Question

A 0.40 kg ball, attached to the end of a horizontal cord, is rotated in a circle of radius 1.5 m on a frictionless horizontal surface. If the cord will break when the tension in it exceeds 63 N, what is the maximum speed the ball can have?

Answer 1

Concepts and reason

The concepts required to solve the question is Newton’s 2^nd law.

Initially apply the Newton’s 2^nd law of motion to find the force acting on the ball. Then, as the ball is rotated, centripetal acceleration will act on it.

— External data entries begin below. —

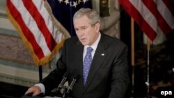 Bush at the December 20 news conference (epa) WASHINGTON, December 20, 2006 (RFE/RL) -- For the past six years, U.S. Defense Secretary Donald Rumsfeld argued successfully for a streamlined military that relied on advanced technology and intelligence gathering to keep the number of soldiers to a minimum.
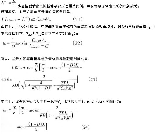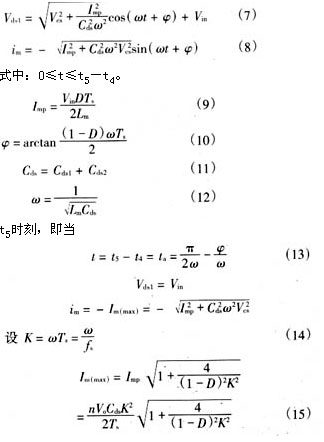 從上面的分析可明顯地看出,當(dāng)變壓器勵磁電感l(wèi)m減小,勵磁電流足夠大時,[t5~t0′]期間勵磁電流除了能提供負(fù)載電流外,剩余部分可用來幫助電容cds2、cds1充放電。電壓vds1有可能諧振到零,從而實現(xiàn)主功率開關(guān)管s的零電壓軟開通。二極管d1可為負(fù)的勵磁電流續(xù)流。關(guān)鍵工作波形如圖2(b)所示,具體的軟開關(guān)條件將在下一節(jié)中詳細(xì)討論。很顯然,軟開關(guān)的代價是變壓器勵磁電流和開關(guān)管導(dǎo)通電流峰值大幅增加,開關(guān)管及變壓器電流應(yīng)力和通態(tài)損耗明顯加大。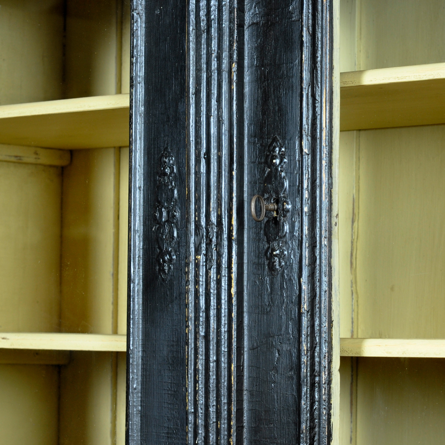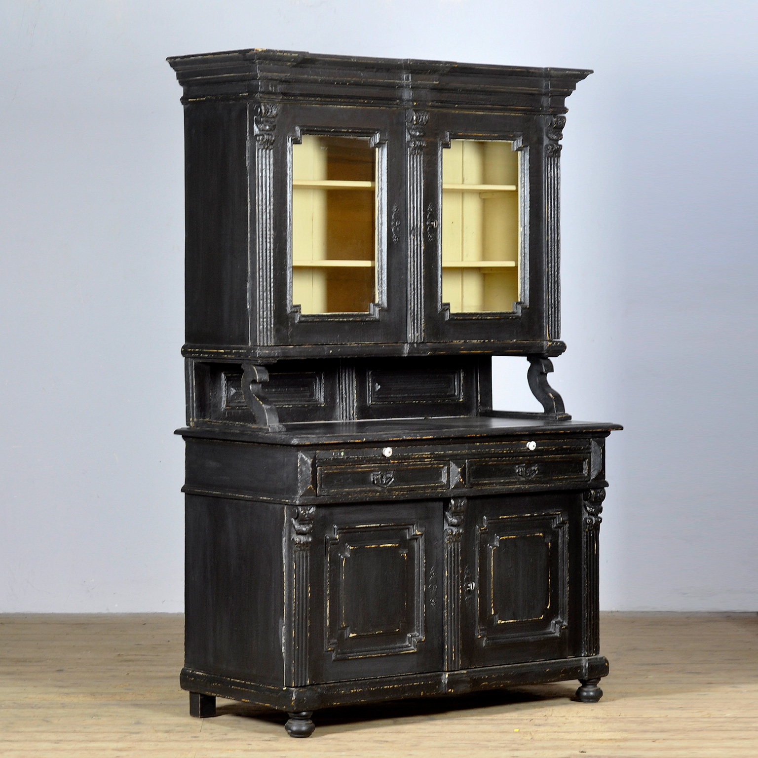 Grote grenen buffetkast uit circa 1900 in de originele verf. De kast bestaat uit twee losse delen. Het bovenste deel heeft twee deuren met daarachter twee ruime legplanken, ideaal voor servies of decoratie. Het onderstel is voorzien van twee lades en twee deuren met een extra plank, wat zorgt voor veel praktische opbergruimte. De kast heeft een bijzonder mooie, doorleefde patina die het authentieke karakter benadrukt. Een sfeervol en karaktervol meubel dat perfect past in zowel een landelijk als eclectisch interieur en direct warmte en historie toevoegt aan de ruimte.

Replace the acceleration in the equation of force by the centripetal acceleration to find the maximum speed the ball can have.

Fundamentals

The Newton’s 2nd law of motion is given by,

$F = ma$

Here, F is the force acting on the body, m is mass of the body, v is the velocity, t is the time for which the velocity is changing, and a is the acceleration.

The force acting on the ball is given by,

$F = ma$

Here, F is the force acting on the ball, m is the mass of the ball, and a is the acceleration.

The centripetal acceleration acting on the ball is given by,

$a = \frac{{{v^2}}}{r}$

Thus, the force acting on the body is given by,

$F = m\left( {\frac{{{v^2}}}{r}} \right)$

Rearrange the above equation to find the value of v.

$\begin{array}{c}\\{v^2} = \frac{{rF}}{m}\\\\v = \sqrt {\frac{{rF}}{m}} \\\end{array}$

Substitute 0.40 kg for m, 1.5 m for r, and 63 N for F in the equation of v.

$\begin{array}{c}\\v = \sqrt {\frac{{\left( {1.5\;{\rm{m}}} \right)\left( {63\;{\rm{N}}} \right)}}{{\left( {0.40\;{\rm{kg}}} \right)}}} \\\\ = \sqrt {236.25\;{{\left( {{\rm{m/s}}} \right)}^2}} \\\\ = \pm 15.4\;{\rm{m/s}}\\\end{array}$

The maximum speed the ball can have is 15.4 m/s.

Ans:

The maximum speed the ball can have is 15.4 m/s.